- [ACTION ITEM]: Pictures in the listing should not be copied. Reproduce, word for word, each line from the one holding "Prizemlje: Prostrano i" through the final line.

___ DATASET CONTENT

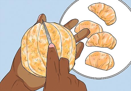 Peel the fruit. Tangelos have a thin and smooth skin that makes it easy to peel. You can start at the top of the tangelo by digging your fingernail or knife under the skin. Then, slowly begin to peel the layers back until all of the skin has been removed. You don’t have to peel neatly unless you are planning to use the rind for something.
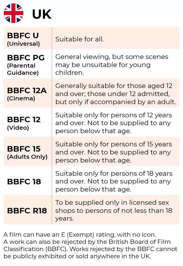 The Indian rating system currently has four rating systems - U: All ages; UA (Children of ages 7+, UA 13+ and UA 16+); A: Adults only and S: Restricted to a specific group of people.
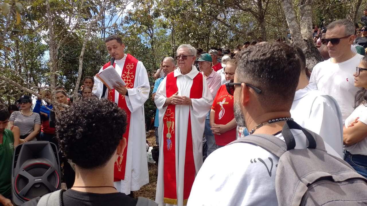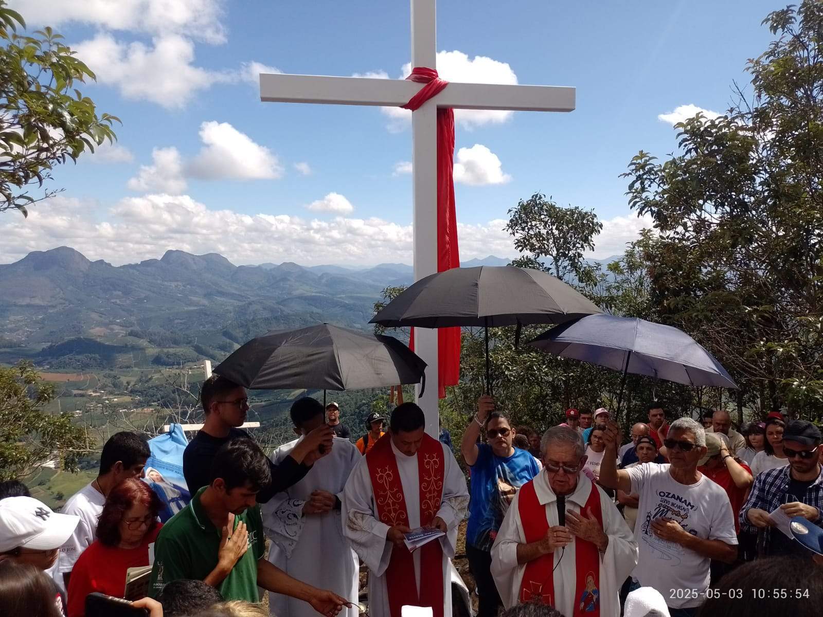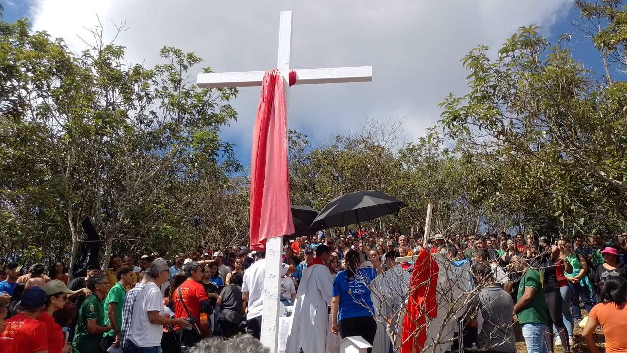 Na trilha que leva ao alto do Cruzeiro, os fiéis rezaram nas estações da Parada de Oração Via Sacra, como um ato de devoção, até a chegada ao ponto mais alto, onde outros fiéis esperavam a chegada de padre Antônio Otaviano, que foi recebido com uma calorosa salva de palmas.
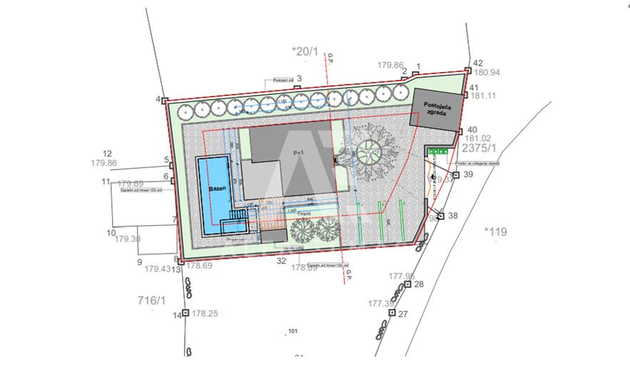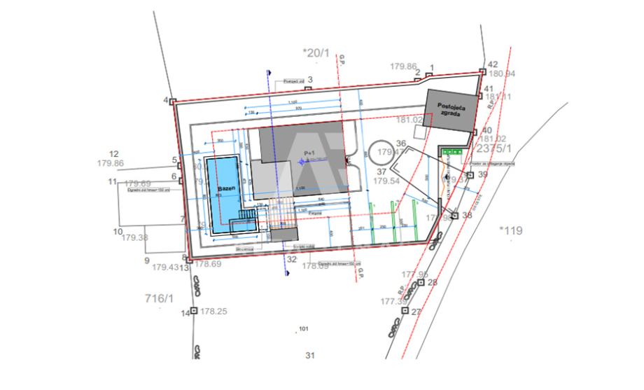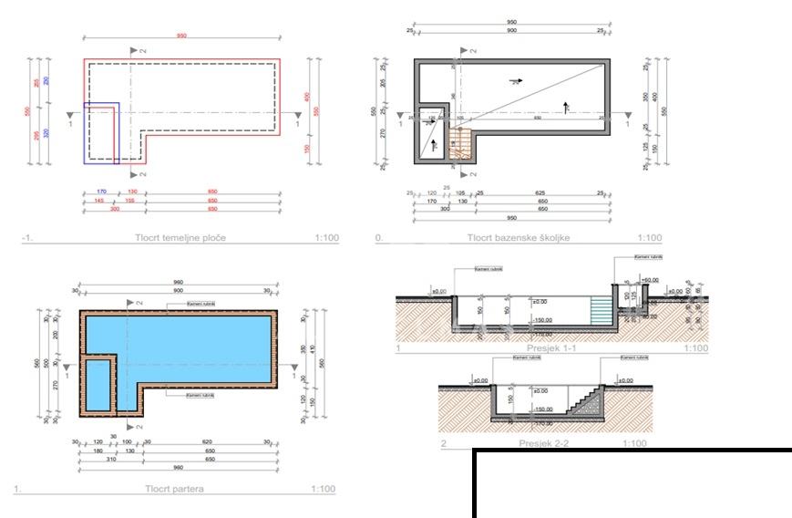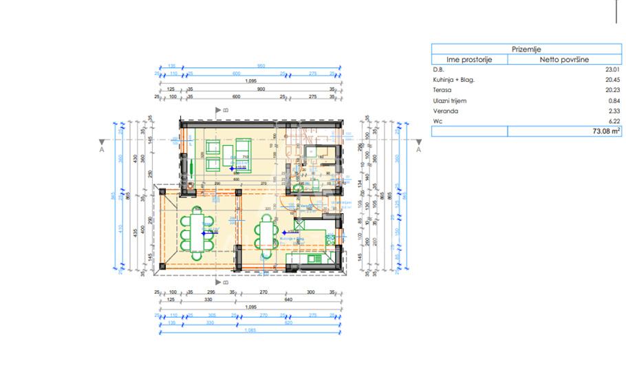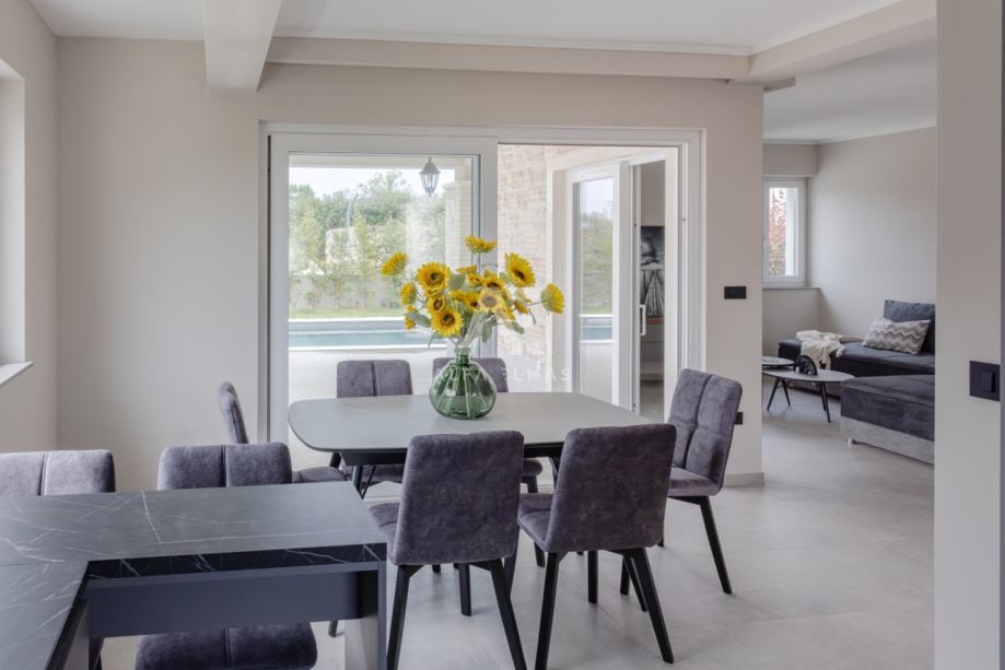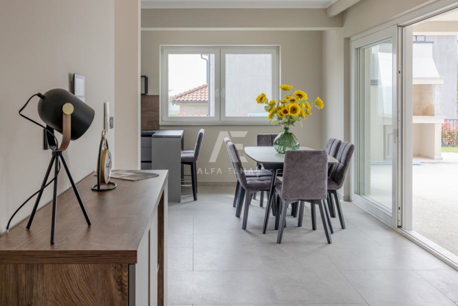 Prizemlje: Prostrano i svijetlo, s otvorenim prostorom za kuhinju, blagovaonicu i dnevni boravak. S prizemlja se izlazi na veliku natkrivenu terasu koja vodi prema bazenu.
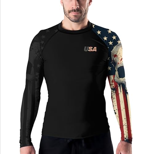 trending ! Patriot Men's Long Sleeve Rash Guard – Performance Compression Shirt for MMA, Grappling, BJJ
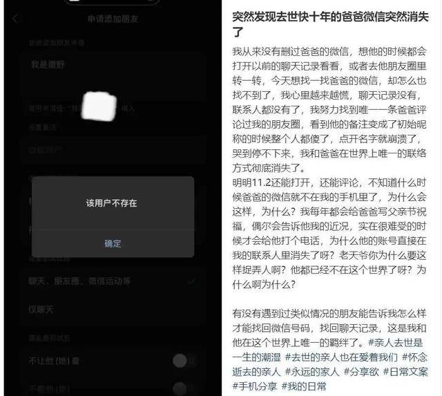另据媒体此前报道,有网友发帖称,其爸爸去世近十年,想爸爸的时候会打开以前的聊天记录或者去看看爸爸的朋友圈,最近却找不到爸爸的微信了。这让网友觉得崩溃,“哭到停不下来,我和爸爸在世界上唯一的联络方式彻底消失了。”

______

- [ANSWER AREA]:
 Prizemlje: Prostrano i svijetlo, s otvorenim prostorom za kuhinju, blagovaonicu i dnevni boravak. S prizemlja se izlazi na veliku natkrivenu terasu koja vodi prema bazenu.
 trending ! Patriot Men's Long Sleeve Rash Guard – Performance Compression Shirt for MMA, Grappling, BJJ
另据媒体此前报道,有网友发帖称,其爸爸去世近十年,想爸爸的时候会打开以前的聊天记录或者去看看爸爸的朋友圈,最近却找不到爸爸的微信了。这让网友觉得崩溃,“哭到停不下来,我和爸爸在世界上唯一的联络方式彻底消失了。”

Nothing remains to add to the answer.